What is expected ::
Leave out the pictures, and retype the remaining data exactly.

Data for analysis ::
• • •
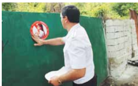
Судебные приставы спецотдела по алиментам расклеивают листовки на домах должников.

зовывают и нестандартные социальные акции. К креативности они прибегают не «славы ради». Просто должники нынче все больше ухищряются в желании избежать родительского долга: скрываются, переоформляют имущество на третьих лиц, а некоторые даже меняют фамилию.
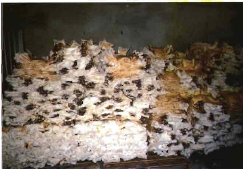
Pacas de pieles de conejo después del desecado y selección.
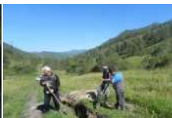
Экспедиция за артефактами (кости мамонта).
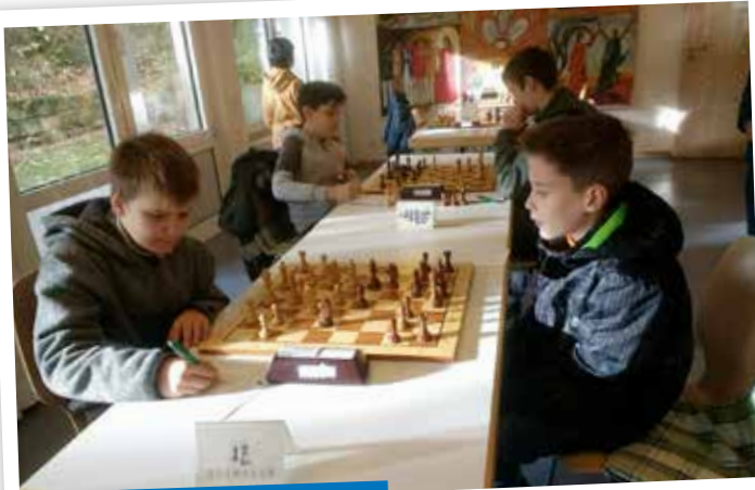
SG Bö./ Lgt – Schwäbisch Hall
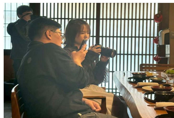
富久傳にて、大和牛を堪能するインフルエンサー
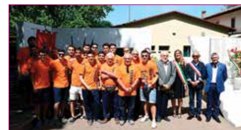
Merito sportivo a Trebbo UDC 1979.
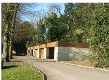
Garages de la cité. IVR22_20086005002NUCA
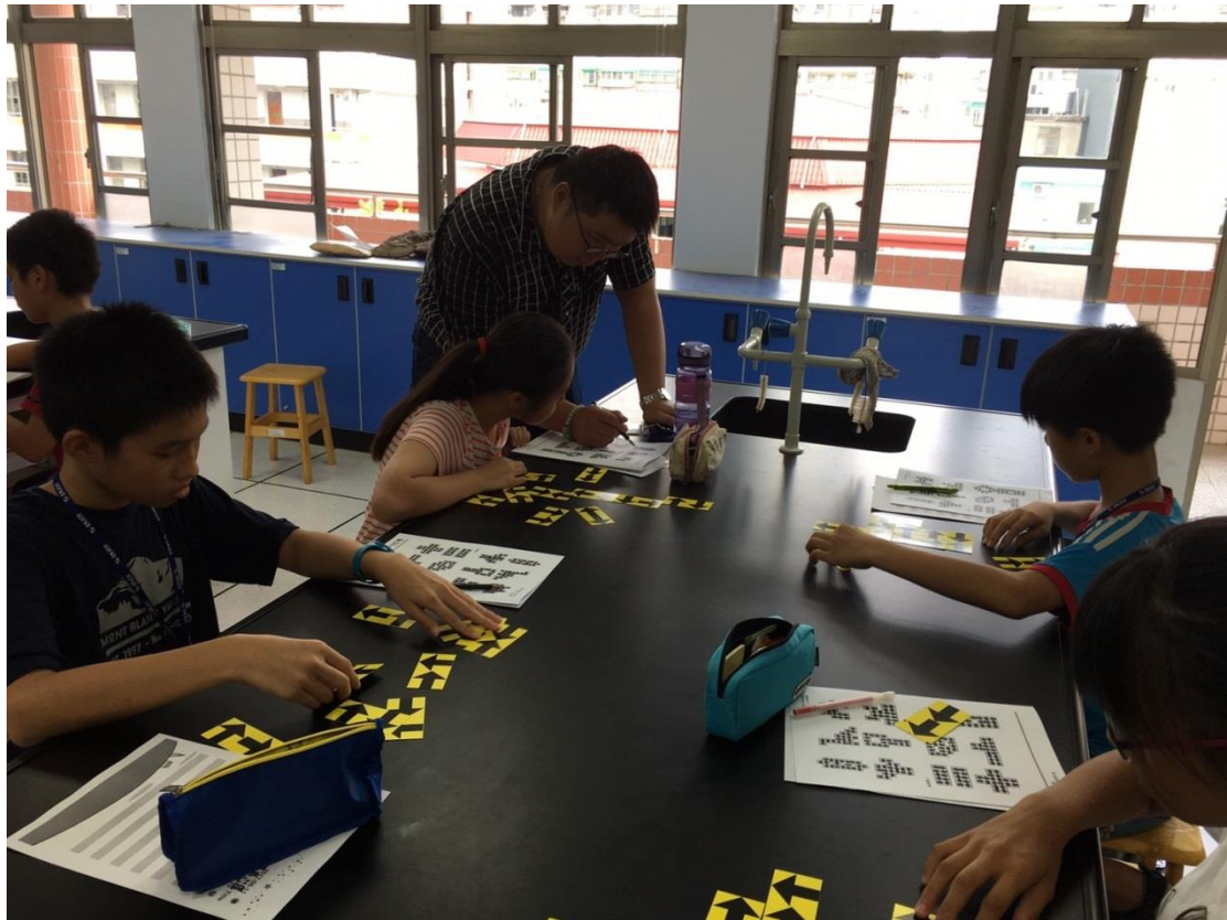
106 年度結合大學資源打造知識城-大成趣味數理語文營成果照片
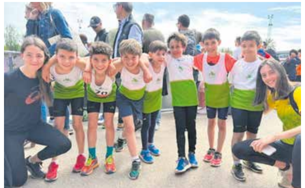
L'equip sub10 del CA Castellar en el campionat de Catalunya per equips al Prat de Llobregat.
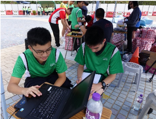
工作人員協助處理參賽同學的資料及紀錄，勞苦功高。
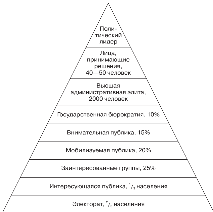
Рис. 4. Конус политической стратификации

сти, что добьется власти; 4) обладает минимумом качеств, необходимых профессиональному политику.
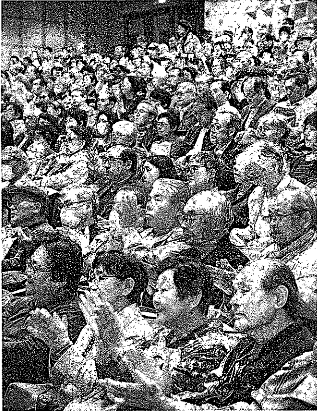
各氏の報告に拍手をする九条の会 集会参加者＝7日、東京都北区
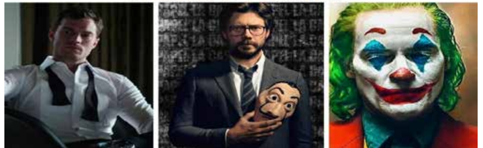
Acadêmicos e professores fizeram a análise psicológica dos personagens Christian Grey, o Professor e o Coringa
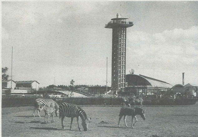
De fraaie vormgegeven 47 meter hoge uitkijktoren, waaraan menig Rotterdammer warme herinneringen heeft, werd in 1972 gesloopt.

De crisisjaren zorgden voor financiële problemen en besloten werd de Koninklijke vereniging te ontbinden. Omdat de gemeente het terrein aan de Kruiskade nodig had voor de aanleg van een nieuwe verbindingsweg werd een grondruil aangegaan naar het huidige terrein in Blijdorp. Toen in het voorjaar van 1940 de verhuizing naar het fraaie ontwerp van architect Sybold van Ravesteyn net was gestart, vielen op vrijdag 10 mei achttien brandbommen op de oude diergaarde. Op de dag van het bombardement, 14 mei, werd de gehele diergaarde getroffen. Alles ging in vlammen op. Olifant Sonny liet zich gewillig uit het verblijf halen naar de nieuwe diergaarde. Andere dieren werden elders ondergebracht. Zoals de chimpansee Josefijntje en de orang-oetan Agam, die werden opgesloten in de toiletten van een café aan de Diergaardesingel. Andere dieren logeerden tijdelijk in de oude Haagse diertuin. Op 7 juli 1940 werd Diergaarde Blijdorp officieel in gebruik genomen. Ondanks voedselschaarste slaagde het personeel er in de levende have door de oorlog heen te loodsen.
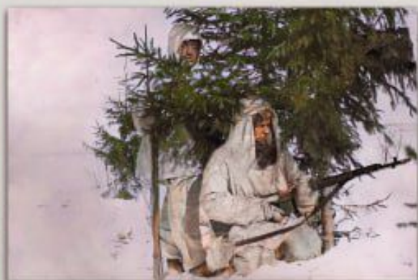
Снайперы у д. Жиганово
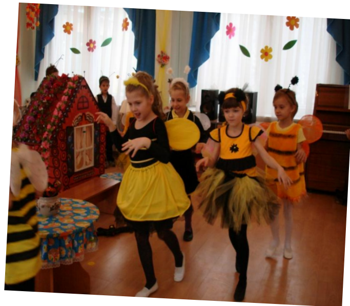
«Танец пчел» Композиция Т.Бурениной
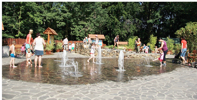
(g) Fontány Vodního světa jsou v horku zejména pro děti příjemnou atrakcí.

Na webu www.zoo-ostava.cz mohou návštěvníci najít celou řadu akcí bohatého programu, 28. srpna bude například v zoo promítání v letním kině.
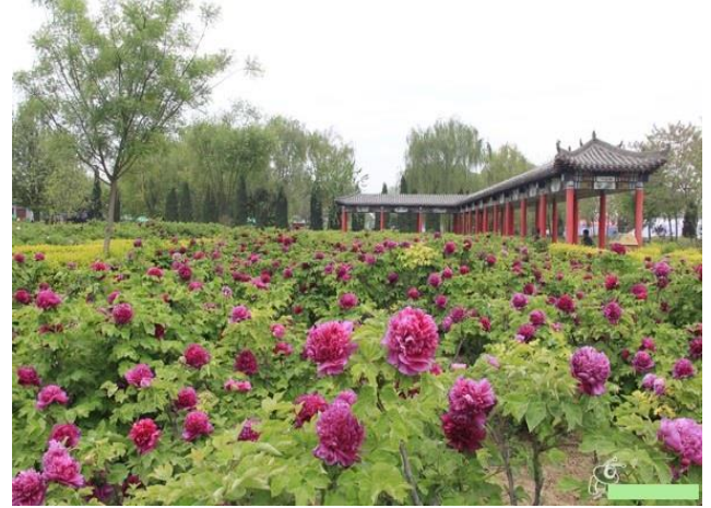
漢代牡丹公園 (漢時代から続く伝統ある花)
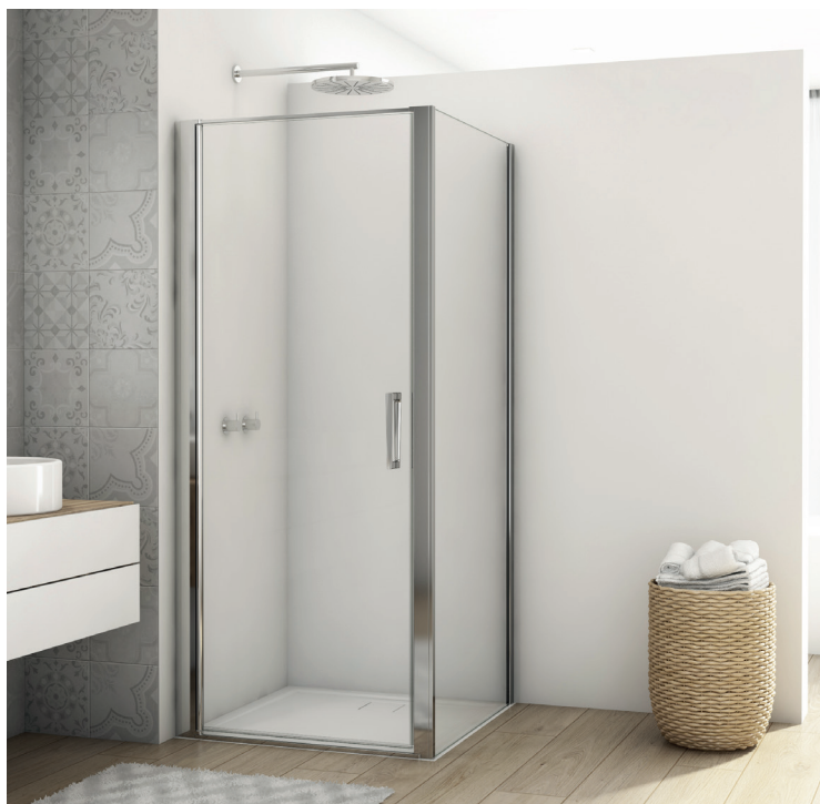
↑ DIVERA Porte pivotante D22T1 + paroi fixe à 90° D22F1 (Poli-brillant)

Livrée avec notice de montage et accessoires
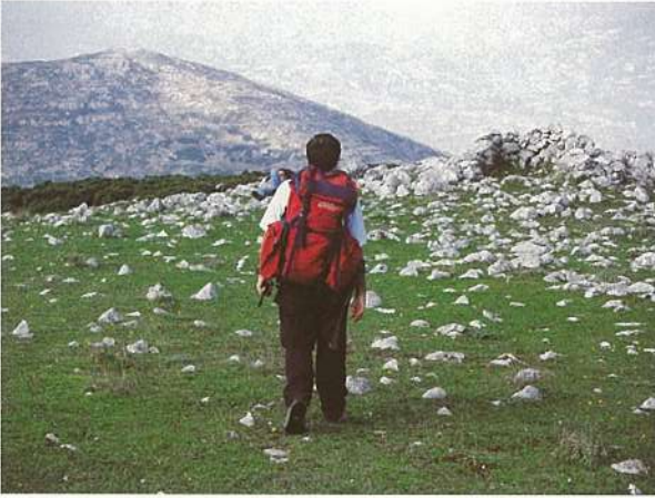
Στο μικρό οροπέδιο Γούπατα, κάτω από την Ψηλή Ράχη. (υψόμετρο 1.078 μ.)

γιο) γιορτάζει στις 23 Αυγούστου, οπότε και πλήθη πιστών συρρέουν για να προσκυνήσουν την θαυματουργή εικόνα.
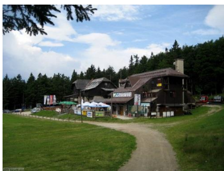
Gomniškov dom bez snijega
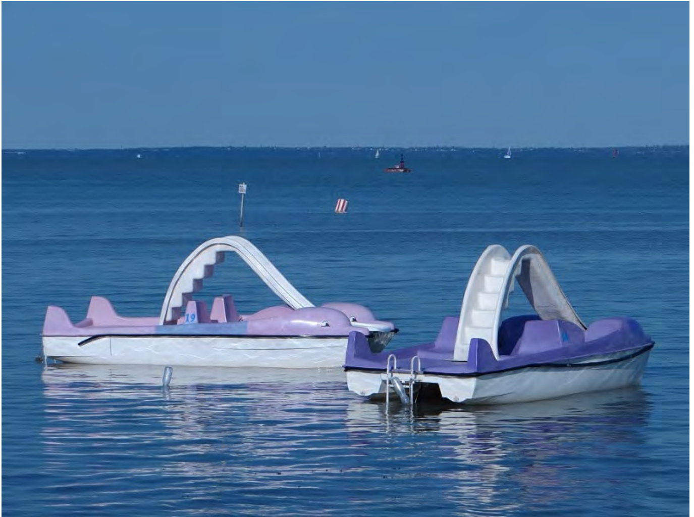
Balázs Szántó, flickr.com

– Rohadj meg, te ratyi! – koppant a lány hangja a nyakszirtjén. Nem reagált, ment tovább.
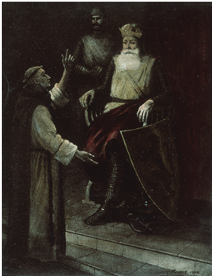
Yr Arglwydd Rhys

Cynhaliwyd yr Eisteddfod gyntaf yn 1176, yng Nghastell Aberteifi, sef cartref Yr Arglwydd Rhys. Mae hanes yr ŵyl i'w weld yn llawysgrif Brut y Tywysogion.
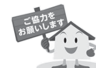
住宅・土地統計調査キャラクターハウス君
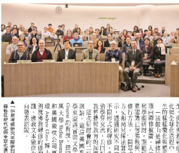
▲法鼓山舉辦佛學講座，探討禪修現代化。

法鼓山寒冬中溫暖全臺 歲末關懷 集結各界善心祝願 關懷全臺各地二千九百多戶家庭 「法鼓山」自一九八九年創辦以來，一直秉持著「以法鼓弘法，以僧團弘教」的宗旨，致力於弘揚佛法，利益眾生。在歲末之際，法鼓山特別舉辦了「歲末關懷」活動，集結各界善心，為全臺各地的貧苦家庭發放物資，送去溫暖。
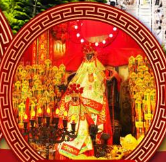
วัดเจ้าแม่กวนอิม ฮ่องอ๋า
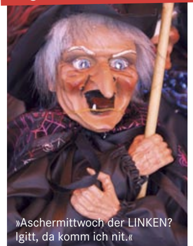
»Aschermittwoch der LINKEN? Igitt, da komm ich nit.«

Linker Aschermittwoch der LINKEN am 22.02.2012 in Kaßlerfeld. Mit Sahra Wagenknecht. » Rückseite
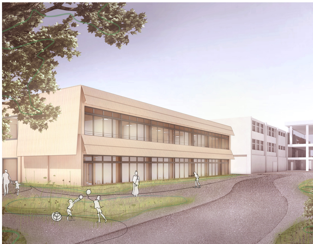
Visualisierung des sanierten Schulhauses Aegelmatt (in Planung)
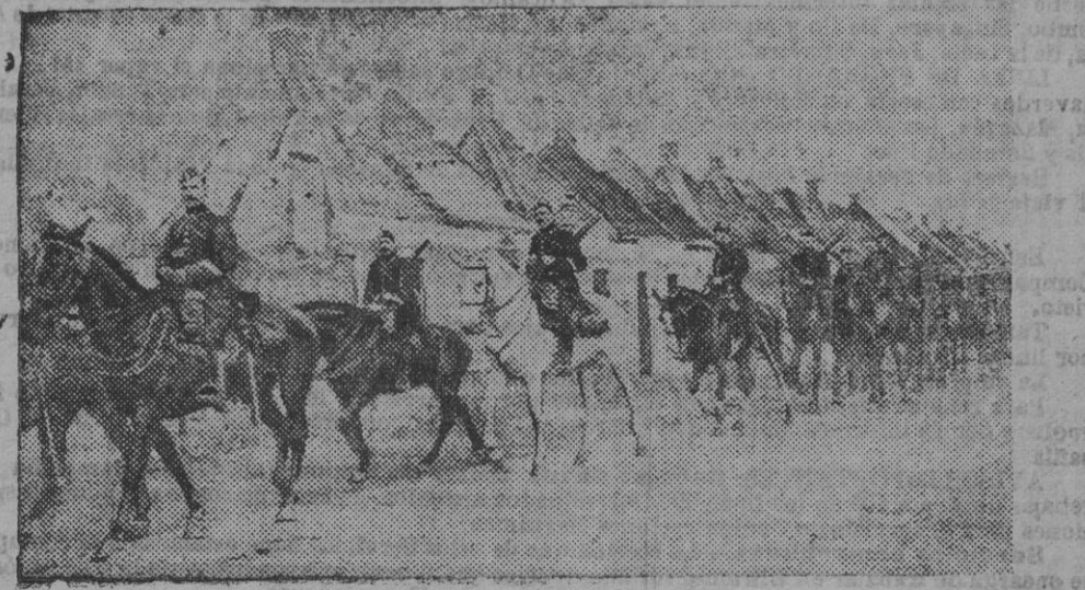
Caballería belga al regresar de la línea de fuego.

En el Sur, los partidarios del pretendiente prosiguen en su actitud; pero sin resultado alguno.—C.
• • •
Answer to this exercise ::
Судебные приставы спецотдела по алиментам расклеивают листовки на домах должников.

зовывают и нестандартные социальные акции. К креативности они прибегают не «славы ради». Просто должники нынче все больше ухищряются в желании избежать родительского долга: скрываются, переоформляют имущество на третьих лиц, а некоторые даже меняют фамилию.
Pacas de pieles de conejo después del desecado y selección.
Экспедиция за артефактами (кости мамонта).
SG Bö./ Lgt – Schwäbisch Hall
富久傳にて、大和牛を堪能するインフルエンサー
Merito sportivo a Trebbo UDC 1979.
Garages de la cité. IVR22_20086005002NUCA
106 年度結合大學資源打造知識城-大成趣味數理語文營成果照片
L'equip sub10 del CA Castellar en el campionat de Catalunya per equips al Prat de Llobregat.
工作人員協助處理參賽同學的資料及紀錄，勞苦功高。
Рис. 4. Конус политической стратификации

сти, что добьется власти; 4) обладает минимумом качеств, необходимых профессиональному политику.
各氏の報告に拍手をする九条の会 集会参加者＝7日、東京都北区
Acadêmicos e professores fizeram a análise psicológica dos personagens Christian Grey, o Professor e o Coringa
De fraaie vormgegeven 47 meter hoge uitkijktoren, waaraan menig Rotterdammer warme herinneringen heeft, werd in 1972 gesloopt.

De crisisjaren zorgden voor financiële problemen en besloten werd de Koninklijke vereniging te ontbinden. Omdat de gemeente het terrein aan de Kruiskade nodig had voor de aanleg van een nieuwe verbindingsweg werd een grondruil aangegaan naar het huidige terrein in Blijdorp. Toen in het voorjaar van 1940 de verhuizing naar het fraaie ontwerp van architect Sybold van Ravesteyn net was gestart, vielen op vrijdag 10 mei achttien brandbommen op de oude diergaarde. Op de dag van het bombardement, 14 mei, werd de gehele diergaarde getroffen. Alles ging in vlammen op. Olifant Sonny liet zich gewillig uit het verblijf halen naar de nieuwe diergaarde. Andere dieren werden elders ondergebracht. Zoals de chimpansee Josefijntje en de orang-oetan Agam, die werden opgesloten in de toiletten van een café aan de Diergaardesingel. Andere dieren logeerden tijdelijk in de oude Haagse diertuin. Op 7 juli 1940 werd Diergaarde Blijdorp officieel in gebruik genomen. Ondanks voedselschaarste slaagde het personeel er in de levende have door de oorlog heen te loodsen.
Снайперы у д. Жиганово
«Танец пчел» Композиция Т.Бурениной
(g) Fontány Vodního světa jsou v horku zejména pro děti příjemnou atrakcí.

Na webu www.zoo-ostava.cz mohou návštěvníci najít celou řadu akcí bohatého programu, 28. srpna bude například v zoo promítání v letním kině.
漢代牡丹公園 (漢時代から続く伝統ある花)
↑ DIVERA Porte pivotante D22T1 + paroi fixe à 90° D22F1 (Poli-brillant)

Livrée avec notice de montage et accessoires
Στο μικρό οροπέδιο Γούπατα, κάτω από την Ψηλή Ράχη. (υψόμετρο 1.078 μ.)

γιο) γιορτάζει στις 23 Αυγούστου, οπότε και πλήθη πιστών συρρέουν για να προσκυνήσουν την θαυματουργή εικόνα.
Gomniškov dom bez snijega
Balázs Szántó, flickr.com

– Rohadj meg, te ratyi! – koppant a lány hangja a nyakszirtjén. Nem reagált, ment tovább.
Yr Arglwydd Rhys

Cynhaliwyd yr Eisteddfod gyntaf yn 1176, yng Nghastell Aberteifi, sef cartref Yr Arglwydd Rhys. Mae hanes yr ŵyl i'w weld yn llawysgrif Brut y Tywysogion.
住宅・土地統計調査キャラクターハウス君
▲法鼓山舉辦佛學講座，探討禪修現代化。

法鼓山寒冬中溫暖全臺 歲末關懷 集結各界善心祝願 關懷全臺各地二千九百多戶家庭 「法鼓山」自一九八九年創辦以來，一直秉持著「以法鼓弘法，以僧團弘教」的宗旨，致力於弘揚佛法，利益眾生。在歲末之際，法鼓山特別舉辦了「歲末關懷」活動，集結各界善心，為全臺各地的貧苦家庭發放物資，送去溫暖。
วัดเจ้าแม่กวนอิม ฮ่องอ๋า
»Aschermittwoch der LINKEN? Igitt, da komm ich nit.«

Linker Aschermittwoch der LINKEN am 22.02.2012 in Kaßlerfeld. Mit Sahra Wagenknecht. » Rückseite
Visualisierung des sanierten Schulhauses Aegelmatt (in Planung)
Caballería belga al regresar de la línea de fuego.

En el Sur, los partidarios del pretendiente prosiguen en su actitud; pero sin resultado alguno.—C.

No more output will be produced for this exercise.